I will now shut up on this subject.


----------



## Michael Rader (Mar 14, 2012)

Well our esteemed president just gave a tribe in Wyoming the right to hunt the Bald Eagle, so maybe there will be feathers on the market real soon :-(
(not sure about the other birds, however.)

-M


----------



## Eamon Burke (Mar 14, 2012)

Eh, we used to keep every bird we'd hit in our car(it was a '79 Lincoln Town Car, so a lot of birds), and gave it to a cherokee guy that lived in Mathis. I really wouldn't worry about picking up feathers or carcasses being a problem unless you are on a national park or wildlife refuge with a game warden nearby.


----------



## sachem allison (Mar 14, 2012)

cannot purchase feathers for legal reasons. They must be given freely or found. This is a sacred thing for a sacred reason and must remain untainted. thank you for your offer, I appreciate it my friend
I am a member of the tribe and would not ask anyone to risk any thing. The young lady is also native and we have legal rights to possess the feathers for ceremonial purposes. If at any time the moderators or Dave feel uncomfortable about my request, please remove the thread, as I do not anyone to feel uncomfortable.


----------



## Crothcipt (Mar 14, 2012)

I am just curious about the differences between raven and crow feathers. I know I have seen both but I am not remembering the differences.


----------



## sachem allison (Mar 14, 2012)

raven is a much bigger bird, they have black beaks with a hump on them. generally much smarter. They play a major role in many native cultures.


----------



## tk59 (Mar 14, 2012)

I see some of these feathers from time to time when walking around with the kids. I'll be sure to send 'em over, if I find them.


----------



## BobCat (Mar 14, 2012)

PM sent

deborah


----------



## hax9215 (Mar 14, 2012)

Chifunda said:


> From the U.S. Department of the Interior:
> 
> "Many people ask &#8220;If I find an eagle or hawk feather, can I keep it?&#8221; The answer is "No." All raptors are protected by state and federal regulations. It is illegal to capture or kill a raptor; possess a raptor (living or dead), or any pieces or parts of raptors, including feathers, without proper permits from state and federal government agencies."
> 
> ...


----------



## sachem allison (Mar 14, 2012)

I one hundred percent agree with what Chifunda has said also and again I say if you have any doubts or misgivings please do not do anything. I will take full responsibility for this. I made a promise to help in anyway I can and that means taking responsibility for my actions. I will help here, because I can't do anything less than that. I thank all of you for your concern. I am not asking anybody to harm or hunt any of these birds, only pick up what you find, that is it. please do not harm anything for her or me.
sachem


----------



## sachem allison (Mar 14, 2012)

Chifunda said:


> Please know that I'm not trying to be some dick-head spoil sport but the possession of migratory bird and/or raptor feathers is illegal and penalties can be severe. I understand that there are some exemptions for Native Americans but beyond that the laws are quite clear.
> 
> I understand and applaud your motivation...just sayin' be careful. All it takes is one overzealous DNR agent or the like. There are plenty of non native species with attractive plumage that might serve your purposes.

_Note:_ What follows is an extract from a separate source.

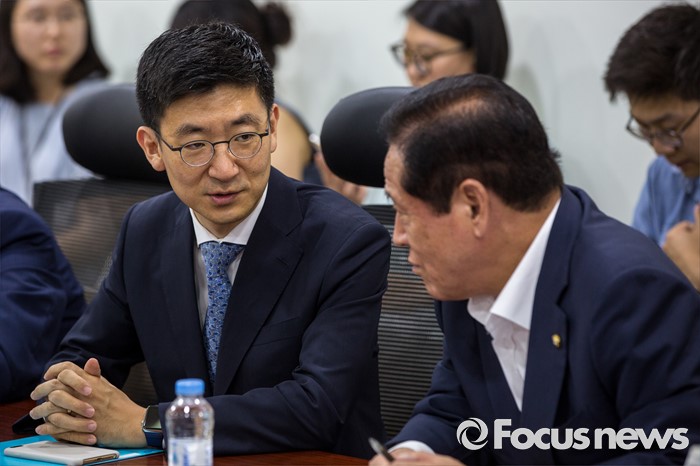 (서울=포커스뉴스) 동남권 신공항 입지발표를 앞두고 발표 중계방송 시청을 위해 모인 유재중 새누리당 의원과 조경태 의원이 21일 오후 서울 여의도 국회의원회관에서 대화를 나누고 있다.

it isn't the attractive plumage part that is needed, these birds are sacred and the purpose of the feathers is to carry her spirit to the creator, These particular birds have been in her dreams for awhile now and are waiting to take her home. This is what she believes and I will not deny her that belief. I understand were you are coming from and in my normal life I would be right beside you warning others. I ,however because of a role thrust upon me years ago that I never fully accepted cannot deny her her request it would be spiritual murder. I'm willing to make the sacrifice for her. respectfully, sachem


----------



## DeepCSweede (Mar 14, 2012)

Son,

Isn't there a reserve in Arizona that collects / distributes protected species feathers to native americans for rituals? I was on a trip back in college while I was taking a couple of native american studies classes and ran across some place that did that. Sorry, I do not remember the name, it was almost twenty years ago.

Eric


----------



## Chifunda (Mar 14, 2012)

sachem, 

I hope I made it clear that I'm completely _simpatico_ with what you are doing for the young lady and admire you for your sentiment.


----------



## sachem allison (Mar 14, 2012)

DeepCSweede said:


> Son,
> 
> Isn't there a reserve in Arizona that collects / distributes protected species feathers to native americans for rituals? I was on a trip back in college while I was taking a couple of native american studies classes and ran across some place that did that. Sorry, I do not remember the name, it was almost twenty years ago.
> 
> Eric


 I know what you are talking about, but I don't remember them. This needs to be done out of love and friendship though, a little different type of ceremony. I will have to dust off, my old self and perform this one and when it is done, put that self away again.
thank you, Eric. I wish I was still in Wisconsin then I could go to the Menominee Rez and talk to the elders there. I'm sure that they would do a much better job then this old bear.


----------



## sachem allison (Mar 14, 2012)

Chifunda said:


> sachem,
> 
> I hope I made it clear that I'm completely _simpatico_ with what you are doing for the young lady and admire you for your sentiment.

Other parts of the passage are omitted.